The process of compiling the toolbox is pretty straightforward. Copy the toolbox to your working directory on the server, then load the required modules for compilation. If the separate components of the toolbox still need to be compiled (such as the Java classes and some binary code for certain model types), do so using make. By default the examples directory is not included in the compiled version of the toolbox and you probably want to add your example to the mcc options. To make a standalone SUMO Toolbox version, type in make-csumo. The steps you need to follow are summarized below.

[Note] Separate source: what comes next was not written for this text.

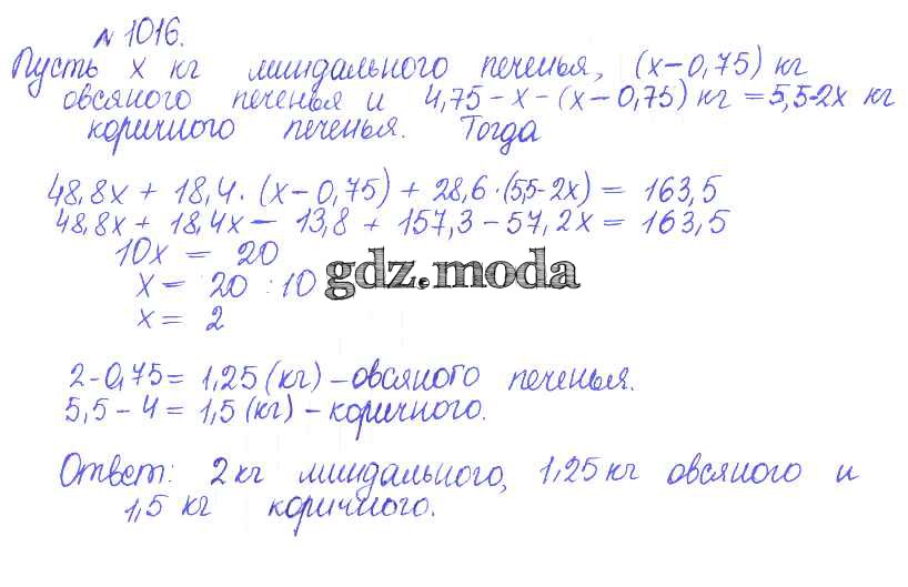 ОТВЕТ на задание № 1016 Сборник задач и упражнений по Математике 5 класс Гамбарин

Currently, compiled MATLAB code can be ran on haunter, gastly (recommended) and gengar. All other clusters (including the default delcatty) do not have MCR installed. Also, remember that the checkpointing framework (for jobs > 72 hours) does not work with MATLAB. SUMO Runs can take no more than 72 hours. Therefor, include only one run (with no repeat) in your configs, and submit multiple jobs to repeat experiments (for example using array jobs).

  • Log on to the HPC
  • Upload a copy of the toolbox if you haven't done so. Tip: place and install the toolbox in $VSC_DATA
  • On the Login node, select the proper cluster. For example, to use the gastly cluster:
        module swap cluster/gastly
  • Load the Matlab and ant module using these commands (you may want to change the versions to suit your needs):
        module load MATLAB/2012b
        module load ant
        export _JAVA_OPTIONS="-Xmx1024M -Xms512M" (use this option in case you need more heap space)
  • Open the Makefile in the SUMO root directory and change MATLABDIR to ${EBROOTMATLAB}
        MATLABDIR ?= ${EBROOTMATLAB}
  • In the terminal, change directory to the SUMO root directory and type in "make" to compile the toolbox for use (this will compile all the Java classes and other libraries needed by the SUMO Toolbox)
  • Verify that this first compilation has worked by starting Matlab in the terminal and doing a test run (this will only work on the login node)
  • Edit the Makefile again and add the path to the example(s) you plan to run. This is only required if you use a MATLAB script as simulator (MCR can only run scripts that have been included by mcc). The mcc line:
        ${MATLABDIR}/bin/mcc -m -v -a pathToMyExample -a ./src/matlab/ -a ./configure.m -a ./startup.m -R '-nodesktop, -nosplash' -d './dist/csumo-toolbox' ./go.m
  • Compile the SUMO Toolbox for standalone use by typing into terminal the following command: make dist-csumo

Testing on the HPC infracture

You can only run matlab code that was included in the mcc options. To run the standalone version of the toolbox, use the run_go.sh bash script which takes two arguments the MCR root and your configuration file. Note: make sure you test your configuration file extensively both locally and on the debug queue of the HPC to avoid wasting your HPC resources as the infrastructure can be very busy at times.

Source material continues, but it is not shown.